Absolute Humidity, or, the mass of water vapor in air, is a smaller factor. See here for more detail.

Temperature

a 5° change can vary air density by almost 2%. That means that the Sahara desert (35° c) and the North Pole (-25°), with humidity and pressure being equal, the air in the North Pole is about 24% denser. Locally, if we assume a 15° variation daily or 25-35° variation yearly, that's 5%-14% locally, give or take, based on temperature.

Pressure

Per Avogadro's law, a 10% increase in pressure, everything else being equal, corresponds to a 10% increase in gas density. 10% variation in air pressure is quite a bit (unless you're climbing a tall mountain). Locally, 10% variation in air pressure is rare, unless you're looking at records. Daily/Weekly highs and lows in barometric pressure might vary air density by 3%-7%, ballpark estimate. See some record high and low pressure here.

Water Vapor

Again, using Avogadro's law, if you add 1 water vapor molecule to the atmosphere, and maintain temperature and pressure, you need to push one other gas molecule out of the set volume, so per cubic meter, increasing humidity does displace some of the heavier gas molecules, so there is some lightening of the air, but the effect is quite small. Water-vapor has a molecular mass of 18. Our Oxygen-Nitrogen atmosphere has an average mass of about 29. But Water Vapor rarely takes up more than 1% of the atmosphere, perhaps 2% in hot climate, 3% in very hot, but that's 3% of the air with a 38% decrease in mass, resulting in a net change of less than 1% in the most extreme conditions. You'd be unlikely to see a variation of as much as 1% density by water vapor alone, outside of a very rare event, like a thunderstorm over a desert.

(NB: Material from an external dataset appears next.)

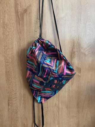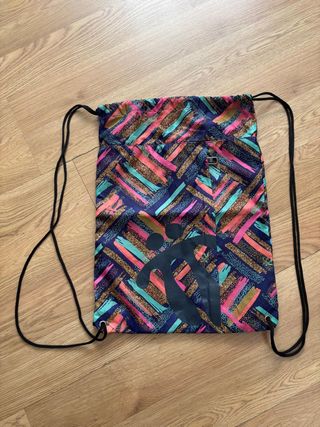 Mochila saco con un diseño vibrante y llamativo. - Cierre de cordones. - Bolsillo exterior con cremallera. - Estampado abstracto con líneas en varios colores. Pago en efectivo a la entrega.

There's other factors for wet air, such as the evaporation of water has a cooling effect, so as water evaporates, the local atmosphere cools, so mid day when sunlight driven or wind driven evaporation is at it's peak, it's not quite so neat and tidy as to say that evaporation makes the air lighter, cause the cooling effect of evaporation may actually make the air slightly more dense, not less dense. It's only less dense if you keep everything equal, but the cooling effect of evaporation doesn't keep everything equal.

That said, however you look at it, water vapor is likely an order of magnitude less important for air-density than temperature and pressure. It's relevant enough to pay attention too if you want to study air-density carefully, but temperature and pressure are the two big factors.

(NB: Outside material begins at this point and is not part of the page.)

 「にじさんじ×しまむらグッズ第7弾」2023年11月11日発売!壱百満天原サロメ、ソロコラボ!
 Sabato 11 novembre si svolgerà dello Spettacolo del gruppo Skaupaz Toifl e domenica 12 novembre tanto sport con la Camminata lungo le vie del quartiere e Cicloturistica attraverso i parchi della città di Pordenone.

A possible exception to this is when there's fog. Fog contains tiny water droplets which are small enough to be suspended in air by wind, and those individual droplets are much denser than atmospheric water-vapor. foggy air, under the right conditions might be the most dense air, but in a sense, that shouldn't count, it's like counting sand in a sandstorm as part of the mass of air.

((Corrections welcome if I made any errors)).